*** Opening of Record extracts ***

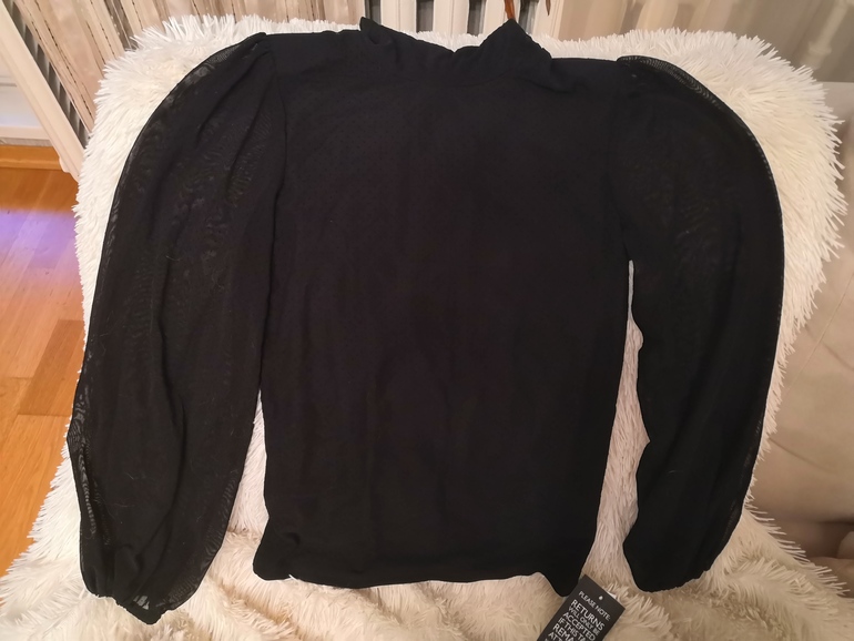 Шикарная кофточка GANNI, новая с бирками. Размер 34 (наш 42-44). Рукава прозрачные, широкие, внизу на резинках. Горловина высокая, как у водолазок. На фото плохо вышла, если надо перефоткаю. Цены на подобные кофточки данной марки 15-25 тыс. Мой экв 15 тыс (условный). При интересном обмене подвинусь, либо подниму в соответствии с вашими.
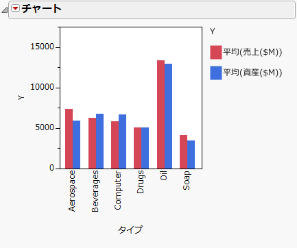 2つの統計量と1つのカテゴリ変数を使ったチャートの棒グラフは、業種(会社のタイプ)間で売上と資産を比較しています。
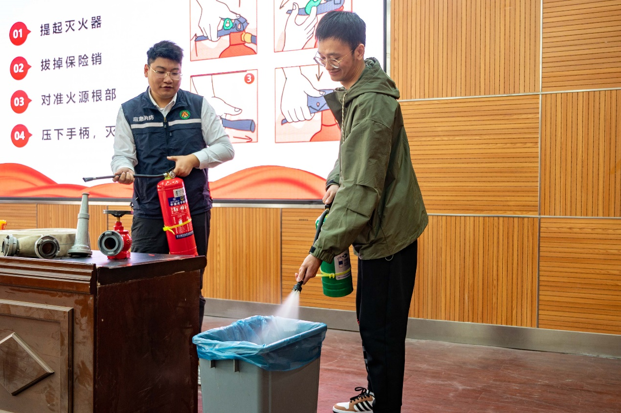 当天上午,由保卫处防火科刘浩东主讲的“预防为主生命至上——消防安全教育讲座”引起学院师生共鸣,刘老师通过生动形象的案例,为在场师生进行了消防安全隐患点讲解、防火器材实操讲解,同时强调各实验室要加大隐患排查自查力度,坚持每日巡查,尤其加大对重点部位巡查力度,做到防患于未然,科学防火。
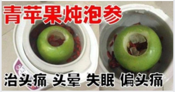 3.將泡參放入蘋果中心,加入水其它材料也一起加入。
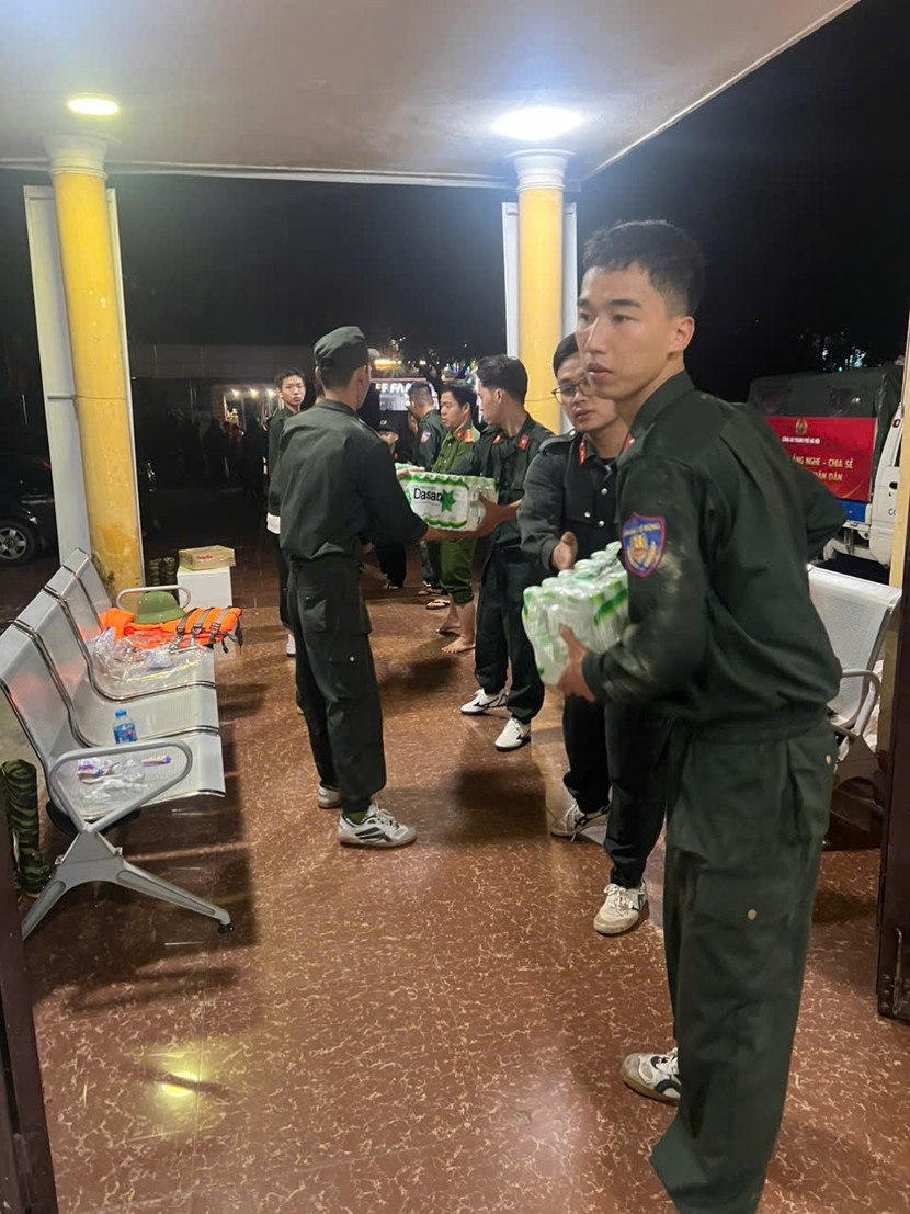 Chiều tối ngày 10/10, đoàn công tác đã trực tiếp đến xã Trung Giã, mang theo hơn 100 thùng nước, 300 suất cơm, 200 bánh mỳ, 200 trứng luộc, 20 thùng sữa, 30 thùng mì tôm, cùng 100 suất lương khô và bánh kẹo. Tổng trị giá 30 triệu đồng, số quà sẽ được trao tận tay CBCS và bà con đang bị cô lập.

*** Close of Record extracts ***

The answer is the listing above repeated verbatim, minus its images.

__Written response__:
 Шикарная кофточка GANNI, новая с бирками. Размер 34 (наш 42-44). Рукава прозрачные, широкие, внизу на резинках. Горловина высокая, как у водолазок. На фото плохо вышла, если надо перефоткаю. Цены на подобные кофточки данной марки 15-25 тыс. Мой экв 15 тыс (условный). При интересном обмене подвинусь, либо подниму в соответствии с вашими.
 2つの統計量と1つのカテゴリ変数を使ったチャートの棒グラフは、業種(会社のタイプ)間で売上と資産を比較しています。
 当天上午,由保卫处防火科刘浩东主讲的“预防为主生命至上——消防安全教育讲座”引起学院师生共鸣,刘老师通过生动形象的案例,为在场师生进行了消防安全隐患点讲解、防火器材实操讲解,同时强调各实验室要加大隐患排查自查力度,坚持每日巡查,尤其加大对重点部位巡查力度,做到防患于未然,科学防火。
 3.將泡參放入蘋果中心,加入水其它材料也一起加入。
 Chiều tối ngày 10/10, đoàn công tác đã trực tiếp đến xã Trung Giã, mang theo hơn 100 thùng nước, 300 suất cơm, 200 bánh mỳ, 200 trứng luộc, 20 thùng sữa, 30 thùng mì tôm, cùng 100 suất lương khô và bánh kẹo. Tổng trị giá 30 triệu đồng, số quà sẽ được trao tận tay CBCS và bà con đang bị cô lập.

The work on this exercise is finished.